The problem is, searching a file quickly is not as simple as you want to believe. If you show me a naive line by line approah, I'll show you an approach that is much faster but more complex. Top speed requires work, sometimes algorithmic work, regardless of the language you choose.

lossolo · on Dec 28, 2016

> If you show me a naive line by line approah, I'll show you an approach that is much faster but more complex.

Of course, I did it myself many times. But this is NOT the point, I've already wrote it. The point is that I wrote naive approach in both languages and it's a lot faster in Go. Which is a reply to what OP wrote (don't forget where this discussion started). In this case this is the fact and I don't see any reason to fight with facts if we get bias out of the equation. In other cases? I don't know. What I would expect is that naive searching for one string in haystack to be faster than Go in a language that is performance/zero-cost abstractions oriented like Rust but its false in this case. But it doesn't mean it's false in every case. And to be honest writing that "but they have faster implementation in assembler" is not an excuse at all, you can also write your own, especially if it works so well for those languages that have custom asm for specific platforms. In the end average Joe will not care if it's hand written assembler, he will care that his naive solution using standard library without any magic is just faster.

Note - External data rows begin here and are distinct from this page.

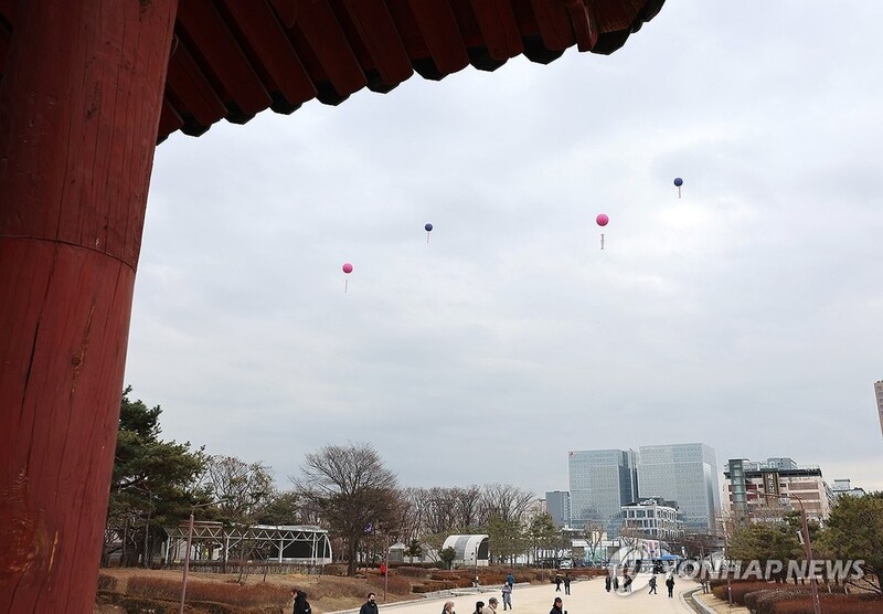 | ▲ 세운4구역에 애드벌룬 띄운 서울시 (서울=연합뉴스) 김주형 기자 = 9일 서울 종묘 외대문 밖에서 재개발로 지어질 세운4구역 내 고층 건물과 비슷한 높이의 서울시가 띄운 애드벌룬이 보인다. 서울시는 "국가유산청에서 세운4구역 높이 실증을 위한 종묘 정전 촬영을 불허했으며, 정확한 높이 실증을 위해서는 종묘 안 정전에서 사진 촬영해야 한다"고 주장했다. 2026.1.9 kjhpress@yna.co.kr |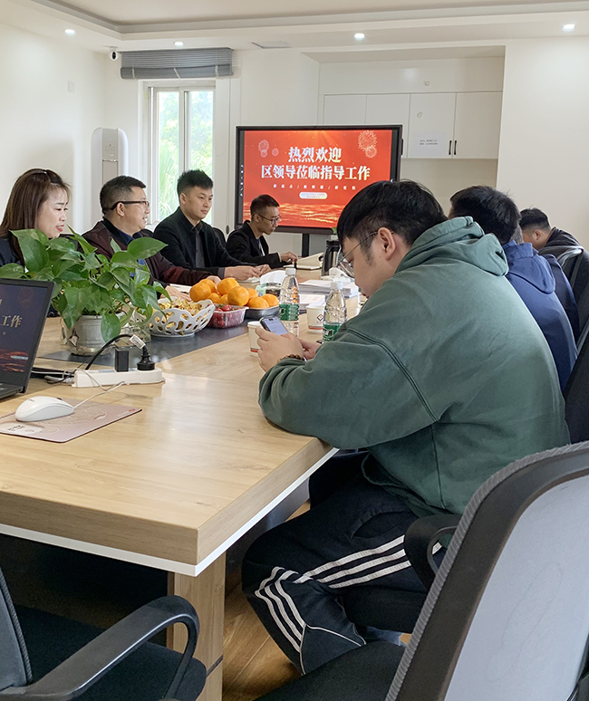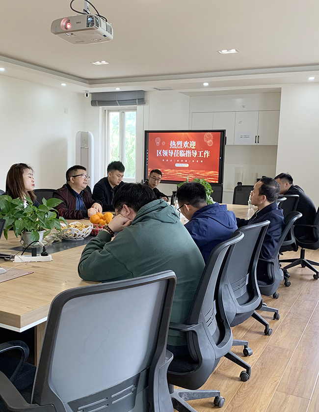 在會談中,袁總向各位來訪的領導介紹了公司的主要業務以及經營情況。區領導在聽取了袁總的介紹後,對公司的工作給與了肯定,並且對相關工作進行了指導。
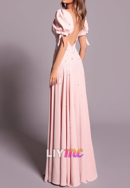 Scoop Short Sleeves Beaded A-Line Prom Dress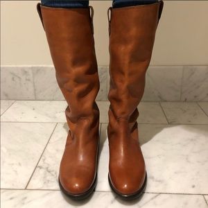 These gorgeous Madewell Archive 1937 riding boots are the perfect color for fall. These shoes are lightly worn, they just don’t fit over my calf.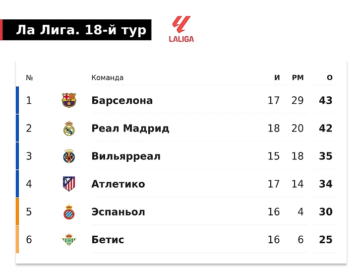 Килиан оторвался от Феррана Торреса в гонке бомбардиров, у француза уже 17 мячей в чемпионате – космос. А «Реал» подбирается к «Барсе», теперь их разделяет всего один балл в таблице – впрочем, только до матча каталонцев с очень непростым «Вильярреалом».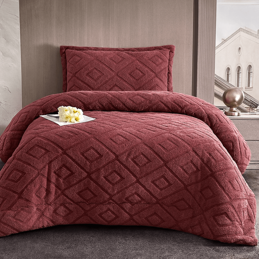 Define your room with this comforter set that delivers a stunning look and a cozy feel that sets a warm tone for the winter, featuring an embossed pattern.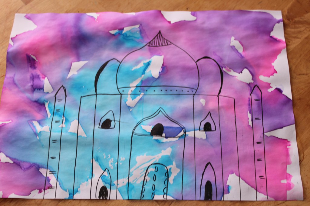 Nous avons réalisé ce Taj Mahal avec l’aide de ce tuto. On avait pas besoin de grand chose d’autre que du papier soie et un pinceau avec de l’eau.

burntsushi · on Dec 28, 2016

> The point is that I wrote naive approach in both languages and it's a lot faster in Go.

I tried your challenge, and the first data point I uncovered contradicts this. Here is the source code of both programs: https://gist.github.com/anonymous/f01fc324ba8cccd690551caa43... --- The Rust program doesn't use unsafe, doesn't explicitly use C code, is shorter than the Go program, faster in terms of CPU time and uses less memory. I ran the following:

    $ /usr/bin/time -v ./lossolo-go /tmp/OpenSubtitles2016.raw.sample.en the
    $ /usr/bin/time -v ./target/release/lossolo-rust /tmp/OpenSubtitles2016.raw.sample.en the

Both runs report 6,123,710 matching lines (out of 32,722,372 total lines). The corpus is ~1GB and can be downloaded here (266 MB compressed): http://burntsushi.net/stuff/OpenSubtitles2016.raw.sample.en.... --- My /tmp is a ramdisk, so the file is in cache and I'm therefore not benchmarking disk reads. My CPU is an Intel i7-6900K.

The Go program takes ~6.5 seconds and has a maximum heap usage of 7.7 MB. The Rust program takes ~4.2 seconds and has a maximum heap usage of 6 MB. (As measured by GNU time using `time -v`.)

---

IMO, both programs reflect "naive" solutions. The point of me doing this exercise is to show just how silly this is, because now we're going to optimize these programs, but we'll limit ourselves to smallish perturbations in order to put a reasonable bound on the task.

If I run the Go program through `perf record`, the top hotspot is runtime.mallocgc. Now, I happen to know from experience that Scanner.Text is going to allocate a new string while Scanner.Bytes will not. I also happen to know that the Go standard library `bytes` package recently got a nice optimization that makes bytes.Contains as fast as strings.Contains: https://github.com/golang/go/commit/44f1854c9dc82d8dba415ef1... --- Since reading into a Go `string` doesn't actually do any UTF-8 validation, we don't lose anything by switching to using raw bytes.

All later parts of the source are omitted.